Euro Rates Subject to GDP Data, ECB Decision Today

- Editorial View;

- EUR/USD advances after U.S. GDP data, ahead of Fed.
- But iceberg ahead in Thursday's Eurozone GDP figures.
- Markets understimated U.S. virus hit, likely do with EZ too.
- EUR wound would be worse if ECB steps aside Thursday. 

© Pound Sterling Live

- EUR/USD spot at time of writing: 1.0847
- Bank transfer rates (indicative): 1.0469-1.0545
- FX specialist rates (indicative): 1.0686-1.0751 >> More information

The Euro-to-Dollar exchange rate has rallied into month-end following a larger-than-expected fall in U.S. first-quarter GDP growth, but faces its own challenges on Thursday as Eurozone GDP is due for release and the European Central Bank (ECB) will update markets with its latest policy decisions.

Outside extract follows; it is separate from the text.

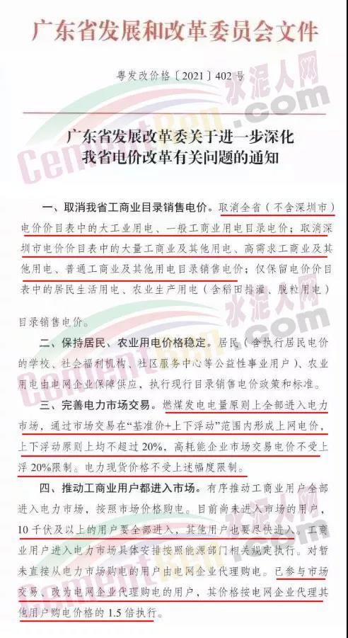 廣東省發(fā)改委印發(fā)(粵發(fā)改價(jià)格[2021)402號(hào))文件,廣東省內(nèi)所有工商業(yè)用電都進(jìn)入市場(chǎng)了,電價(jià)漲幅接近20%。已參與市場(chǎng)交易、改為電網(wǎng)企業(yè)代理購(gòu)電的用戶,其價(jià)格按電網(wǎng)企業(yè)代理其他用戶購(gòu)電價(jià)的的1.5倍執(zhí)行。

Europe's single currency was holding its own already ahead of Wednesday's U.S. GDP figures but began climbing after the Bureau of Economic Analysis said the world's largest economy shrank by -4.8% last quarter, a far larger fall than the -4% anticipated by the consensus. 

The Euro-to-Dollar rate climbed from 1.0838 in response to the figures, which were released alongside a notification from Gilead Sciences that its remdisivir antiviral drug remdesivir had met its primary endpoint in clinical trials designed to gauge its efficacy as a treatment for coronavirus.

Gilead did however caution that remdesivir "has not yet been demonstrated to be safe or effective for the treatment of COVID-19".

Above: Euro-to-Dollar rate shown at 15-minute intervals.

Eurozone first-quarter GDP will be released at 10:00 with individual countries reporting before and after, while the consensus supposedly favours a -3.7% contraction that would be the largest decline since early 2009.

That's a lesser hit than was seen as well as expected in the U.S., but for an economy that was weaker to begin with, quicker to contract the coronavirus and which has spent longer under the draconian kinds of 'lockdown' inspired by China's response to the pneumonia-inducing disease. 

There's only one coronavirus-plagued European economy that consensus expects to do worse than the U.S. Thursday and that's Italy, but only narrowly so given expectations for a -5% decline when the Italian National Institute of Statistics releases its number at 11:00.

Italy, Spain, Germany and France all came to a standstill well before the streets of New York became desolate.

This is a Eurozone that was growing at less than half the 2.1% pace of the U.S. in the final quarter of 2019, when the bloc saw GDP rise at an annualised rate of just 1%, so with that and Europe's longer-lived battle against the coronavirus in mind it's very difficult to fathom how the average of all selected economist forecasts can point to Euro-to-Dollar friendly outcome. It's even more difficult to imagine how the first quarter could actually have produced such an outcome. 

America's much larger-than-expected -4.8% contraction came despite the country having suffered only a few weeks worth of disruption and destruction at the hands of the coronavirus in that quarter, whereas it's been steadily throttling the already-in-recession Italian economy since late February and had brought all of the Eurozone's major economies to a standstill by mid-March. This was before it began to cause serious and widespread disruption in the U.S. 

Above: Euro-to-Dollar rate shown at daily intervals.

All of this may mean the consensus radically underestimates the scale of the destruction likely to be revealed on Thursday, with adverse consequences for the Euro-to-Dollar rate on the day and more so the further it climbs overnight in response to anything the Fed says or does. The Euro was quoted around 1.0850 in the noon session Thursday but some see it falling as far as 1.02 by the end of June as markets respond to the destruction caused by the virus. Second quarter GDP isn't due out until late July either. 

Then there's the European Central Bank (ECB) interest rate decision and press conference at 12:45 and 13:30 respectively. Many were looking for assurance that it will stand behind the Italian bond market in order to contain a problematic increase in yields, which often move in the opposite direction to the Euro-to-Dollar rate during times of crisis, given continued absence of a European solution to the cost of the coronavirus containment effort that's stoked debt sustainability concerns across the 'periphery'. Even more may be looking for such assurance now since Fitch cut Italy's credit rating on Wednesday, leaving it just one notch above the 'junk' threshold.

ECB assurances of action to preserve financial stability and support its constituent national central banks during a time of crisis might reign in Italian bond yields and subsequently lift the Euro in the process, but economists at Berenberg said Wednesday that there's a possibility the bank may instead stay mum so as not to take the pressure off Eurozone finance ministers charged with constructing something like a European fiscal response.

Such silence would exacerbate losses and risk making Thursday a very dark day for the Euro-to-Dollar rate, although it's the GDP data that's the real iceberg in the water after Wednesday's U.S. figures.